Federal authorities are calling it the largest hacking and identity theft case yet. But this week's indictments of 11 people accused of plundering millions of payment card numbers might not seriously dent the underworld where such crimes occur.
Researchers at a hacking conference met the news with a bit of a shrug, saying the theft of credit and debit cards will still flourish.
“These guys were just persistent and lucky. And they got caught,” said Jim Christy, a longtime cyber crime investigator who now works in computer-security outreach for the Department of Defense. “There's probably a lot more stuff being stolen that's never been reported. A lot of smaller businesses are being raped and pillaged and plundered and they never know.”

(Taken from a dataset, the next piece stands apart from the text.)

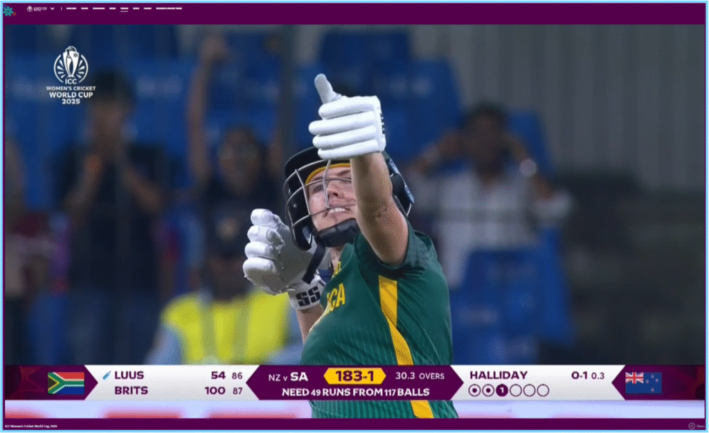 हमने जांच की शुरुआत में वायरल वीडियो से सम्बंधित कीवर्ड्स को सर्च किया। परिणाम में हमें टाइम्स ऑफ़ इंडिया की 7 अक्टूबर को छपी हुई खबर मिली। यहां दी गई जानकारी के अनुसार, दक्षिण अफ्रीका की टैजमिन ब्रिट्स ने न्यूजीलैंड के खिलाफ 2025 वर्ल्ड कप में 86 गेंदों में शतक लगाकर इतिहास रच दिया। शतक लगाने के बाद ब्रिट्स ने अपना मशहूर ‘धनुष-बाण सेलिब्रेशन’ भी किया।

The scope of the identity theft is breathtaking: More than 41 million debit and credit card numbers were stolen from major retailers, including TJX Cos., BJ's Wholesale Club, OfficeMax, Boston Market, Barnes & Noble, Sports Authority, Forever 21 and DSW.
It's also been costly. The hardest-hit retailer, TJX, which operates T.J. Maxx and Marshalls discount clothing chains, took $197 million in charges to cover losses from its breach, which began in 2005.
Yet security researchers had a humdrum reaction to Tuesday's indictments partly because identity theft is a booming, multibillion-dollar business. Dismantling a successful operation just means another one will pop up in its place.
Another reason is that the indictment revealed that the hackers' tactics were crude, suggesting they stumbled into a much bigger security hole than they anticipated.
The hackers allegedly found insecure wireless networks using a simple method known as “wardriving,” or driving around in a car with laptops or other devices, to look for stores' Wi-Fi connections with security holes. Once inside the networks, the hackers allegedly installed programs to capture credit and debit card numbers in transit from the stores to payment processors.
Given that huge data breaches have become so commonplace, consumers are advised to be vigilant. One idea is to set up free fraud alerts with the credit reporting agencies, and keep close watch over your credit card bills and bank statements. Another standby: Pay in cash when possible.